L’attacco, chiamato ransomware non ha interessato il sistema informatico principale, bensì molti sistemi secondari, una pratica comunemente in uso da parte degli hacker il cui unico obiettivo è chiedere soldi alla vittima dell’attacco. Interessa in particolare il sistema telefonico e quello di posta elettronica aziendale. Il centro sanitario barcellonese ha rifiutato di pagare l’estorsione e, grazie all’intervento dei tecnici dell’Agenzia catalana per la sicurezza informatica, sta gradualmente recuperando i servizi.

Il software dannoso lanciato dalla Russia domenica 2 settembre è entrato in diversi server dell’Ospedale Moisès Broggi, ha crittografato le informazioni rendendole inaccessibili al personale dell’ospedale. Lunedì 3 settembre, con i sistemi colpiti in pieno, gli hacker hanno chiesto il riscatto

La dirigenza del Moisès Broggi conferma che si tratta di un attacco grave, ma che non ha penetrato informazioni sensibili o dati riservati di pazienti o professionisti. D’altra parte, ha colpito i sistemi secondari, come l’imaging radiologico, e anche la posta aziendale e il servizio telefonico funzionano con difficoltà.

In alcune dichiarazioni alla radio RAC1, la principale radio privata in lingua catalana, il direttore dell’Agenzia catalana per la sicurezza informatica, Oriol Torruella, che sta partecipando al ripristino del sistema, ha spiegato che le misure di prevenzione a disposizione dell’ospedale hanno permesso di limitare l’impatto dell’attacco. Ha aggiunto che è possibile lavorare sul ripristino dei sistemi bloccati senza pagare il riscatto, sebbene questo richieda tempo.

Sebbene per motivi di sicurezza Torruella non abbia specificato i soldi richiesti in questo attacco, ha fatto notare che nel 2019 la media dei riscatti richiesti in casi simili era di circa 85.000 dollari e che trattandosi di un ospedale e di sistemi informatici più rilevanti e complessi “è possibile che venga richiesta una cifra molto più alta”.

“Stiamo parlando di criminalità organizzata. Gli ospedali utilizzano sistemi digitali e i criminali cercano, attraverso attacchi informatici, di estorcere denaro alle vittime e ottenere vantaggi economici” – ha spiegato Torruella, che ha aggiunto che l’attacco potrebbe essere “critico” in quanto l’obiettivo è un ospedale e l’attacco è avvenuto nel bel mezzo della pandemia di coronavirus.
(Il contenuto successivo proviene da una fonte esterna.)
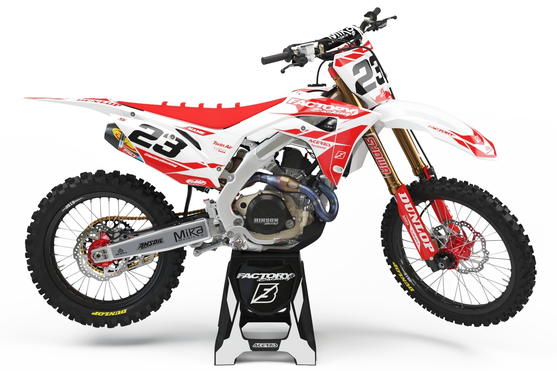 Vollständige Grafikkits werden auf Wunsch mit dem Logo Ihres Sponsors, Ihrer Nummer und Ihren Farben auf das beste Vinyl der Branche von Substance® gedruckt. Die meisten Modelle umfassen Grafiken für Abdeckungen, Frontspitze, hinteren Kotflügel, Seiten/Frontplatte, Schwinge und Gabelaufkleber.
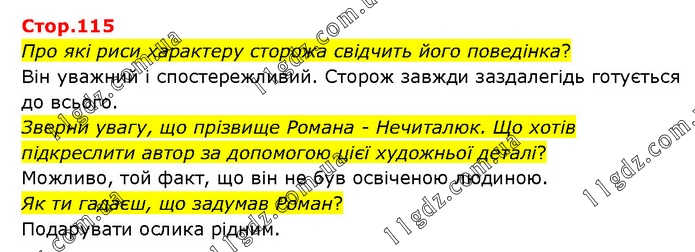 Про які риси характеру сторожа свідчить його поведінка? Він уважний і спостережливий. Сторож завжди заздалегідь готується до всього. Зверни увагу, що прізвище Романа - Нечиталюк. Що хотів підкреслити автор за допомогою цієї художньої деталі? Можливо, той факт, що він не був освіченою людиною. Як ти гадаєш, що задумав Роман? Подарувати ослика рідним.
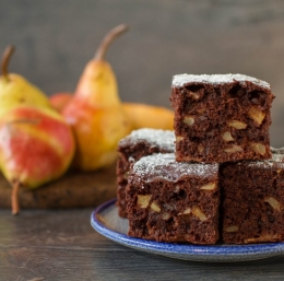 Testo damo v pekač in ga poravnamo. Hruške narežemo na rezine in z njimi obložimo testo, nekaj jih prihranimo za okras. Pekač damo v ogreto pečico in pečemo 35 minut. Ko je testo pečeno, pekač preložimo na mrežico, da se ohladi.
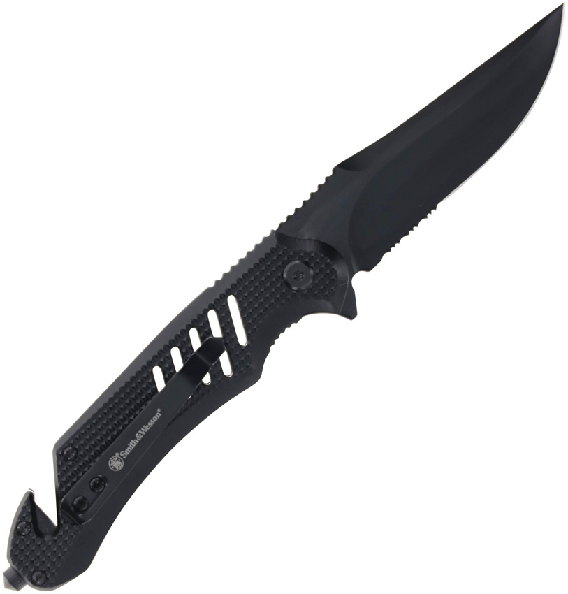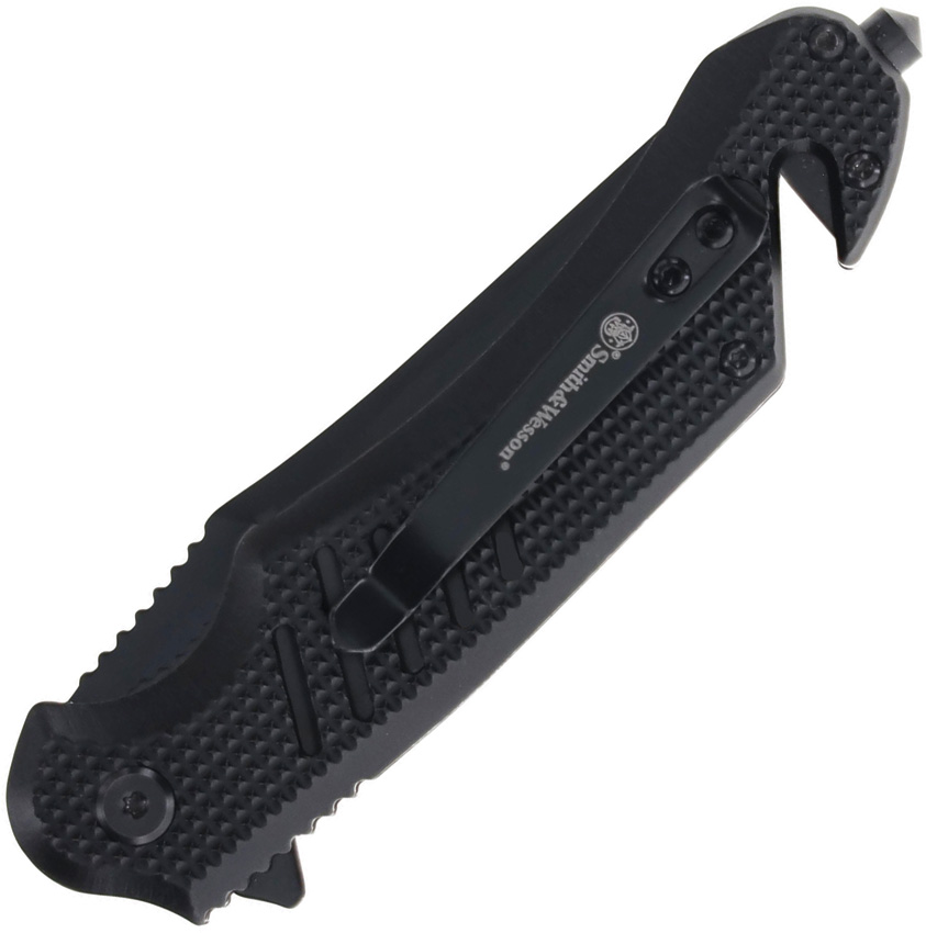 4.75″ (12.07cm) closed. 3.5″ (8.89cm) black finish partially serrated stainless clip point blade. Black textured aluminum handle. Extended tang. Thumb stud. Belt/cord cutter. Glass breaker. Pocket clip. Boxed.
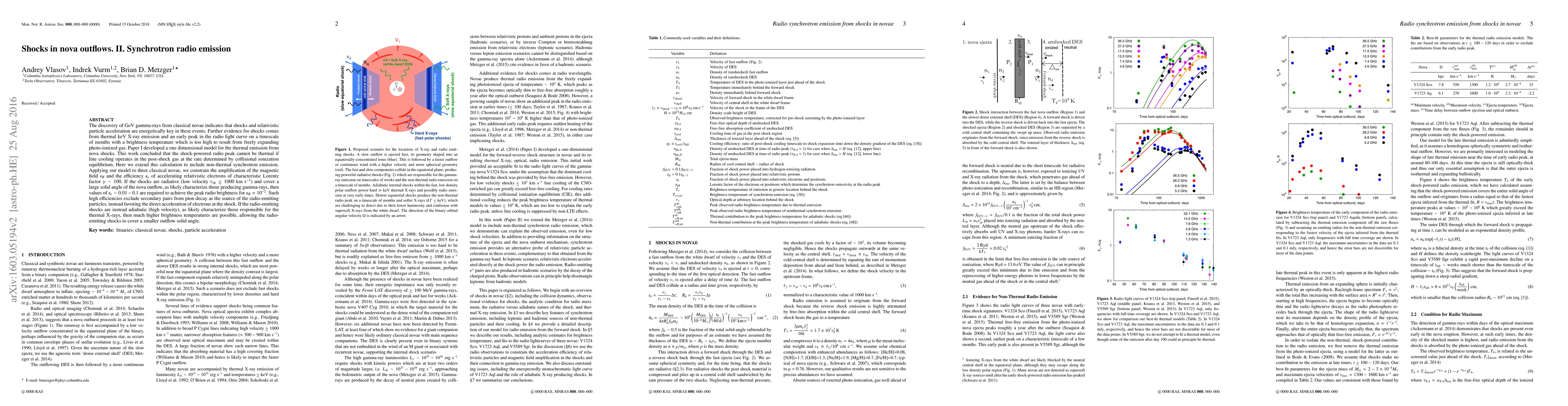This paper investigates the synchrotron radio emission from shocks in nova outflows, finding that GeV gamma-rays and thermal X-rays indicate shocks are key in novae. The model suggests high efficiencies for electron acceleration at these shocks, ruling out secondary pairs from pion decay and favoring direct acceleration, depending on whether the shocks are radiative or adiabatic.
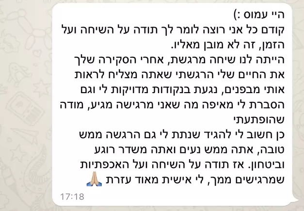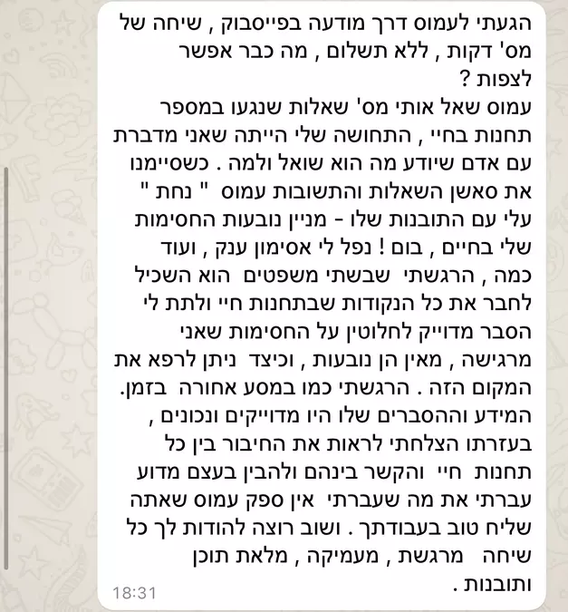 נעים מאוד, שמי עמוס, מרפא אנרגטי, מטפל בלא מודע ומתקשר. לפני למעלה מעשר שנים ייסדתי את משולש – ארגון המוביל אנשים לתהליכי ריפוי וצמיחה אישית, ואת "הילינג לייט" שיטת ריפוי אנרגטית. לאורך השנים טיפלתי באינספור אנשים עם בעיות שונות, החל מדפוסי חשיבה שליליים, הפרעות קשב, חרדות, דכאונות, סטרס, התמכרויות והרגלים לא בריאים, דרך בעיות תפקודיות שונות ועד למחלות אוטואימוניות ומחלות פיזיות אחרות.

In altre parole, ha spiegato l’alto funzionario catalano, se il Moisès Broggi avesse pagato il riscatto gli hacker avrebbero potuto sentirsi forti da attaccare centri covid in tutta la Spagna.

Il direttore dell’Agenzia catalana per la sicurezza informatica ha sottolineato che l’attacco non può essere attribuito a nessun errore nel sistema di sicurezza del centro, ma alla raffinatezza e alla competenza degli aggressori. Allo stesso modo, ha evidenziato che questo tipo di attacco non mira a sottrarre informazioni private e ha sottolineato che le prime indagini indicano che non è stato possibile accedere ai dati dal centro. “I servizi di supporto tecnologico a disposizione dell’ospedale e delle proprie équipe, in collaborazione con noi, stanno rimettendo in funzione tutti gli impianti ed è possibile che nei prossimi giorni vengano riportati alla normalità” – ha concluso Torruella.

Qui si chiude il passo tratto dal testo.